Paul was alone in his room. He didn’t know I watched as he picked up a mirror from the bedside table and looked into it. Did he see what I saw? A haggard face that once was beautiful. Thinning hair and skin as pale as spring lilies. Like Tom Hanks, in the movie, but this was real life.
When I came into the room no recognition came into his eyes. I was afraid he thought I was the magazine lady or the new dietician.
I put on the cheer. “Hey you. You mean to tell me after seven years you aren’t happy to see your own sister?”
His eyes sparked, like the old Paul. “Annie!” He sang my name like it was a song. “Give me a hug!”
I rushed to him and hugged him. Gladly. “Oh Paul,” I cried.
“I’m glad you’re here, sis.” Paul cried with me.
Then silence. All the questions that I wasn’t allowed to ask hung in the air.
“What are you doing here?” he asked. “You wasted your time. Nothing you can do for me, sis.” The sadness made him the old man again.
We both knew why I was there. Unfinished business. “It’s about your kids,” I blurted out.
“My kids?” Paul was alarmed. “Are they sick? Are they hurt?”
“No, no,” I reassured him. “They’re back.”
“Back?” It was territory Paul didn’t want to visit. He looked away. I had to plow forward though and make him deal with it.
“Yeah. Just showed up about a year ago. Like nothing ever happened.” That wasn’t exactly true. “The point is…”
“The point is what, sis?”
“Don’t take this the wrong way, Pauly. I know you’re sick and … well, they hate you. I tried to talk to Jane. She’s still bitter.” I didn’t know how to say it but straight out.
“And?” he asked, knowing there was more.
“They suspended Robby from school because he and some others beat up a kid they thought was gay.”
Paul looked like I’d slapped him. Hard.
“It gets worse.” I said. “When Dad asked him why he did it, he said he pretended it was you.”
“I’ve really made a mess of things, huh?” Paul didn’t want me to answer but I did.
“Yeah…you have.”
“Guess I had that coming,” he said.
I lost it. “Damn right you did! How the hell could you do that to your family? Why did you have to tell them? I begged you not to. They didn’t have to know. Things could have been different. But no! You gotta announce to the whole fucking world that you got a new lifestyle. Do you know what you’ve done?”

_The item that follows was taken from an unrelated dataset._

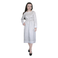Цвет платья: белый. Материалы:  лён, жаккардовая тесьма.

“I had to tell the truth,” Paul defended himself as if I held a gun.
“Why?”
He sighed, “Because I was tired of being ashamed of what I am. Who I am.”
I cried without shame. “It hurt them. So bad. Dad goes crazy if I even say your name. Now you’re, you’re…”
“Say it!” Paul screamed.
I reeled. I was in a battle with my soon-to-be-dead brother and I couldn’t stop. “No! I won’t. I won’t!” I screamed at my sick and defenseless brother.
“Say it! Say it! Say it!” He taunted me like we were children again.
I dove straight into my grief. “You’re going to die, you son-of-a-bitch!” I had to leave. I ran out of the room, down the stairs and out of the building. I wanted to vomit. I wanted to go home. Instead, I got into my green Volvo and drove back to the motel. (to be continued…)
copyright 2006
As I read this I felt it, and that’s the mark of kick-ass writing. Memoir is so hard and yet, for us memoirists, so very necessary. Thank you for your bravery in putting this online. If you check out my blog, you’ll see that this very morning, I broke through a 5-month writing block with my memoir…share my joy!
thank you so much Flight Pattern. it is hard to bear our souls about such personal things but you’re right it is necessary. i am on my way to your blog. congratulations for your breakthrough.